Dysplasia within a segment of Barrett esophagus can be identified histologically based on phenotypic nuclear alterations resulting from dna abnormalities. Such dysplasia is generally classified as indefinite, low-grade, or high-grade 28,35,55. Low-grade and high-grade dysplasia may be differentiated based on nuclear localization in relation to the luminal surface of the cell. Unfortunately, the histologic diagnosis of dysplasia is largely subjective, and it is generally accepted that considerable intra- and inter-observer variation occurs. Interpretation of dysplasia may be further complicated when atypical epithelial cells, arising from a background of active inflammation, are present.

Although the natural history of dysplasia is not known, it was recently reported that the presence of low-grade dysplasia in Barrett epithelia conferred an increased risk of progression to malignancy 56. Currently, however, high-grade dysplasia (hgd) is regarded as the most reliable predictor for progression to invasive cancer; hgd is frequently associated with esophageal adenocarcinoma 41,55,57. Unfortunately, the rate of progression of hgd to invasive adenocarcinoma is quite variable; reports have indicated that most patients with hgd actually die from non-malignant causes 58,59.

Relatively few studies have investigated the prevalence of dysplasia within Barrett epithelia. Based on careful pathologic examination of resected esophageal adenocarcinomas, dysplastic change is reported in a relatively high percentage of associated Barrett epithelia 34,35,55,57. However, the prevalence of dysplasia in patients with Barrett esophagus who undergo endoscopy for any reason is estimated to be below 10% 44,54,60,61.
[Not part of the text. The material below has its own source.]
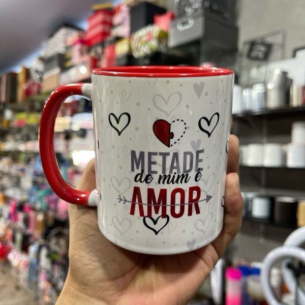 Seja o primeiro a avaliar “CANECA PORCELANA METADE DE MIM É AMOR”
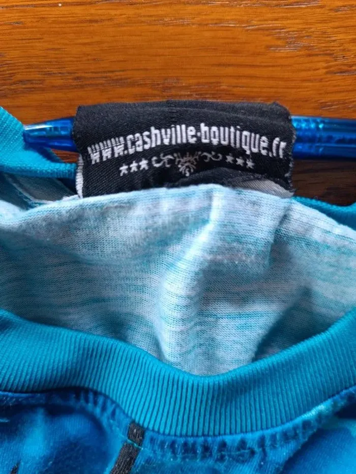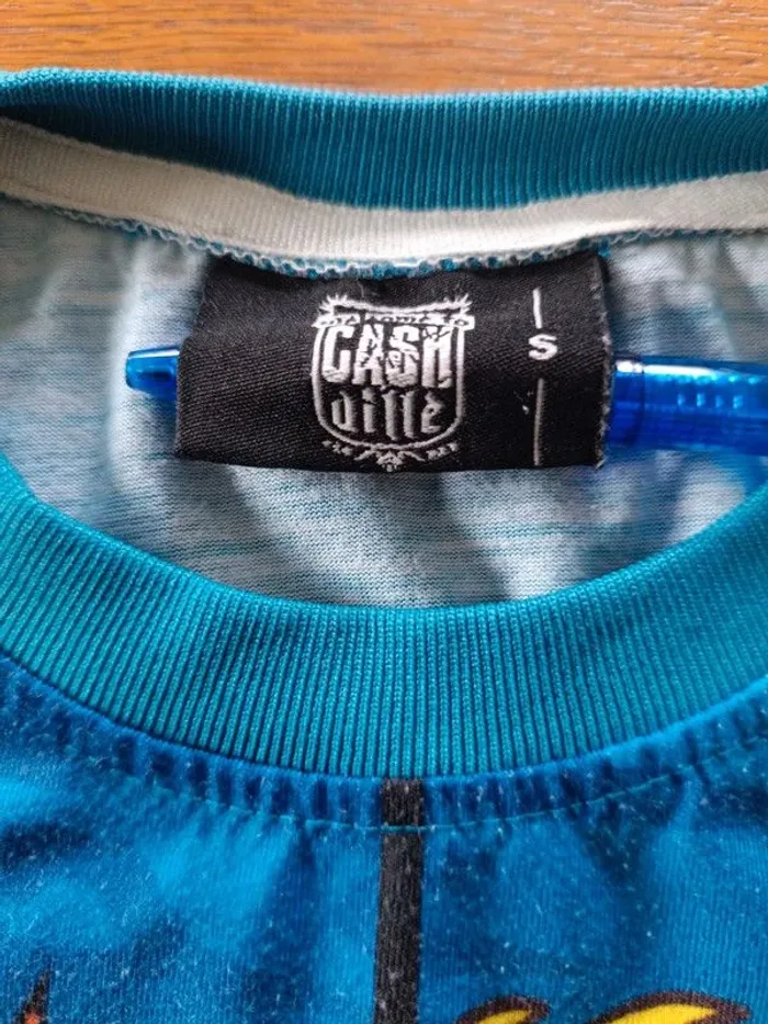 T-shirt bleu Yakuzza S. Cash Ville. Épaules 40 cm. Aisselles 52 cm. Longueur 62 cm. 100% polyester. TBE

2.3 Adenocarcinomas of the Esophagus and Cardia

The definition of primary esophageal adenocarcinoma is controversial, especially when the tumour involves the egj or cardia. The Siewert system is increasingly being used to classify adenocarcinomas of the esophagus and esophagogastric junction. This system is based on an estimate of the tumour centre in relation to the egj62. Type i (esophageal adenocarcinomas) arise 1 cm to 5 cm above the egj, and type ii (cardia adenocarcinomas) arise from the region 1 cm above to 2 cm below the egj. Type iii (subcardia gastric adenocarcinomas) arise 2 cm to 5 cm below the egj. One disadvantage of the Siewert classification is that precise measurements may be difficult for large, advanced-stage tumours.

Since the mid-1990s, our group has used strict clinicopathologic criteria to stratify primary esophageal adenocarcinomas (type i) from adenocarcinomas arising at the egj (type ii) 63. Based on clinical, endoscopic, radiologic, operative, and pathologic findings, we have defined primary esophageal adenocarcinomas as follows:

Presence of an associated Barrett epithelium

A tumour mass that involves more than 75% of the tubular esophagus

Histologic evidence of direct invasion of peri-esophageal tissues

Minimal gastric involvement

Clinical symptoms of esophageal obstruction (that is, dysphagia)

The most important criterion for establishing a diagnosis of a primary esophageal adenocarcinoma is the presence of Barrett epithelium. However, because Barrett epithelium may not be identified in up to 50% of surgically resected esophageal adenocarcinomas (likely as a consequence of tumour progression), criteria 2 to 5 should be met to establish a primary esophageal origin (as opposed to a cardia, subcardia, or gastric origin).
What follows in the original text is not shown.